**Information shown:**
***
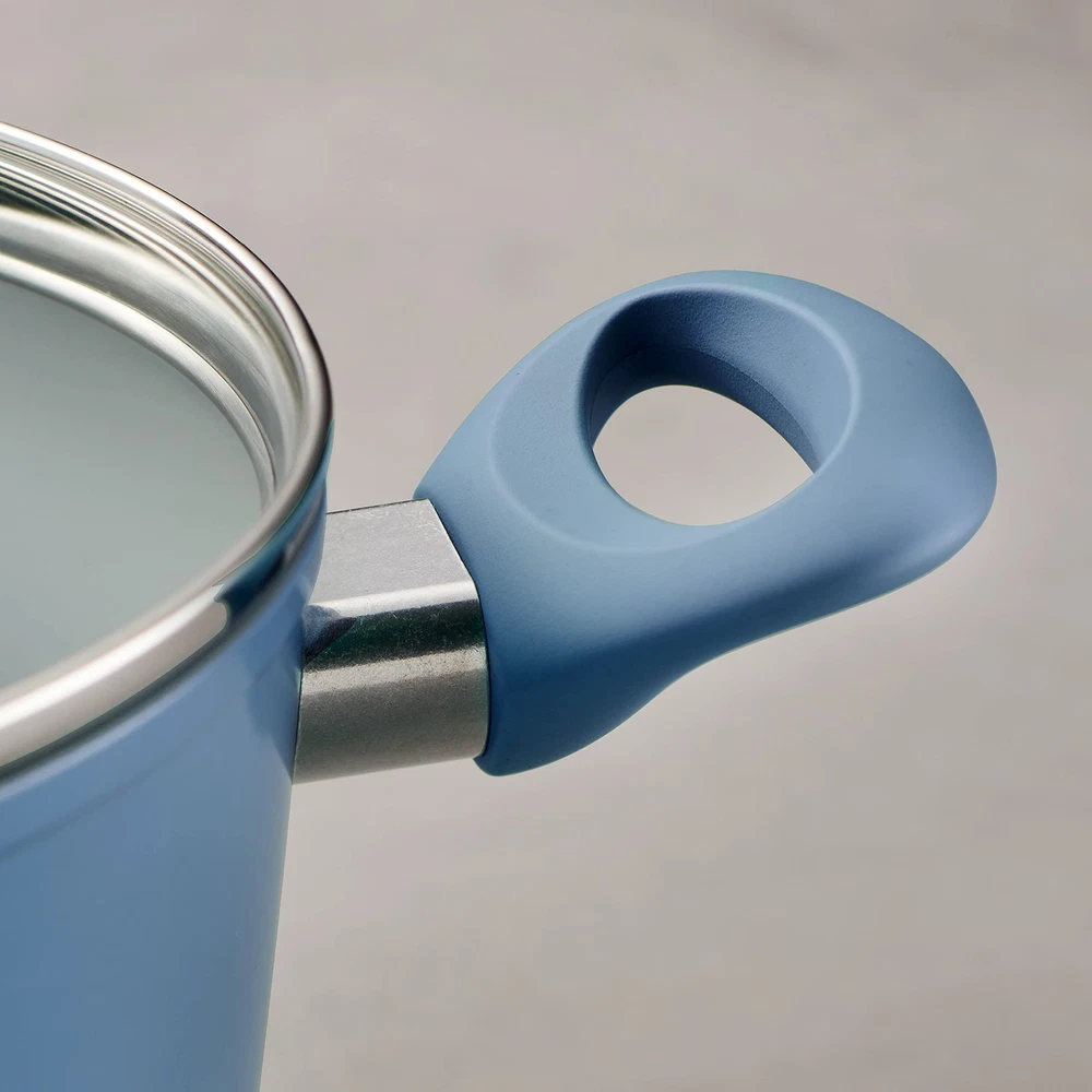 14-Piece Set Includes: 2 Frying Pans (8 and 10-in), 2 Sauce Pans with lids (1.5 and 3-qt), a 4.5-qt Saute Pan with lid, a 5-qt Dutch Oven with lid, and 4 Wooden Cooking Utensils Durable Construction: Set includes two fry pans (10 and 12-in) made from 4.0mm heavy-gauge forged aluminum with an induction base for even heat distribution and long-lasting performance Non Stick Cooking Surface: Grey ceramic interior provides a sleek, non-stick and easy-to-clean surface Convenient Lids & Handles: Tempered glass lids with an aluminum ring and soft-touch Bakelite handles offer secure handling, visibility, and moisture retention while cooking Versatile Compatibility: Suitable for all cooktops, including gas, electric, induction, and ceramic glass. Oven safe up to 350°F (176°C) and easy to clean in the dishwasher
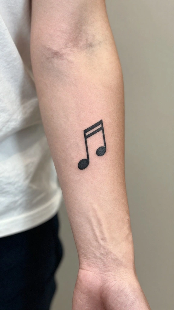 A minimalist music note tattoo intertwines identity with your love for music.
***
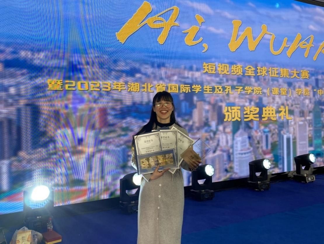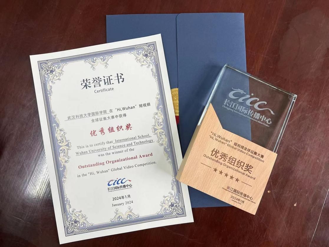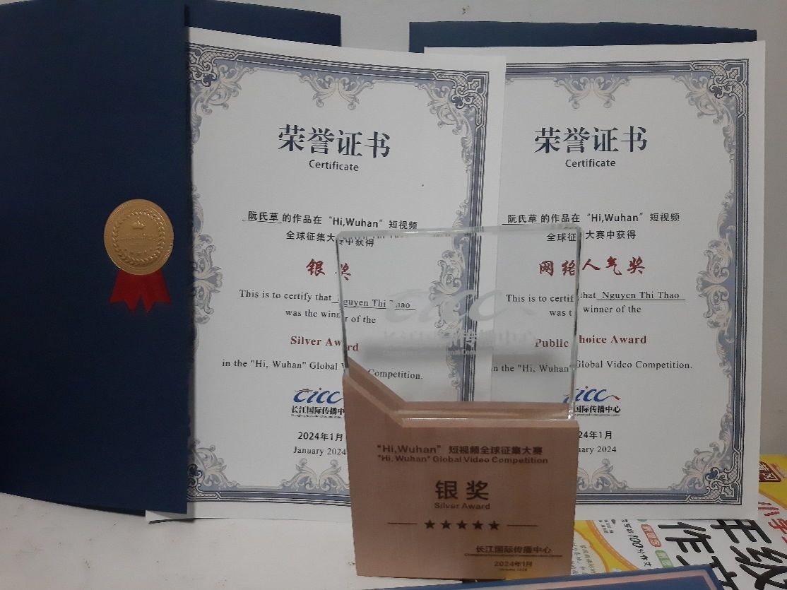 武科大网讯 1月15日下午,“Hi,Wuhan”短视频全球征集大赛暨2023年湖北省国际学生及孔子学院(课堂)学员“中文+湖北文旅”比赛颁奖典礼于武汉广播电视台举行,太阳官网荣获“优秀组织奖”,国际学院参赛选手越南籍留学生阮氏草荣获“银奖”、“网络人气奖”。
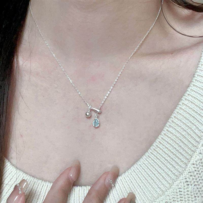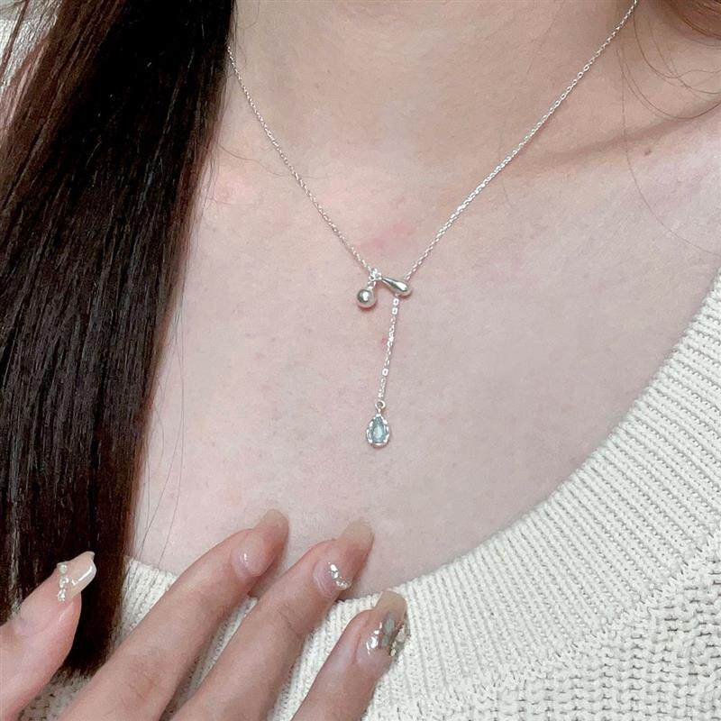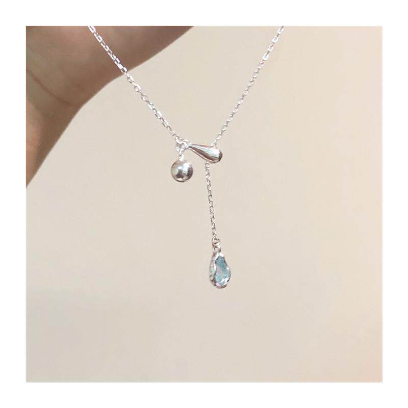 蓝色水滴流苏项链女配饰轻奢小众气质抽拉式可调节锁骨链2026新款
***
**Work task:** Starting with the line that has "14-Piece Set Includes: 2" and ending with the line that has "A minimalist music", repeat the lines above exactly, omitting every picture.

**Output for this task:**
 14-Piece Set Includes: 2 Frying Pans (8 and 10-in), 2 Sauce Pans with lids (1.5 and 3-qt), a 4.5-qt Saute Pan with lid, a 5-qt Dutch Oven with lid, and 4 Wooden Cooking Utensils Durable Construction: Set includes two fry pans (10 and 12-in) made from 4.0mm heavy-gauge forged aluminum with an induction base for even heat distribution and long-lasting performance Non Stick Cooking Surface: Grey ceramic interior provides a sleek, non-stick and easy-to-clean surface Convenient Lids & Handles: Tempered glass lids with an aluminum ring and soft-touch Bakelite handles offer secure handling, visibility, and moisture retention while cooking Versatile Compatibility: Suitable for all cooktops, including gas, electric, induction, and ceramic glass. Oven safe up to 350°F (176°C) and easy to clean in the dishwasher
 A minimalist music note tattoo intertwines identity with your love for music.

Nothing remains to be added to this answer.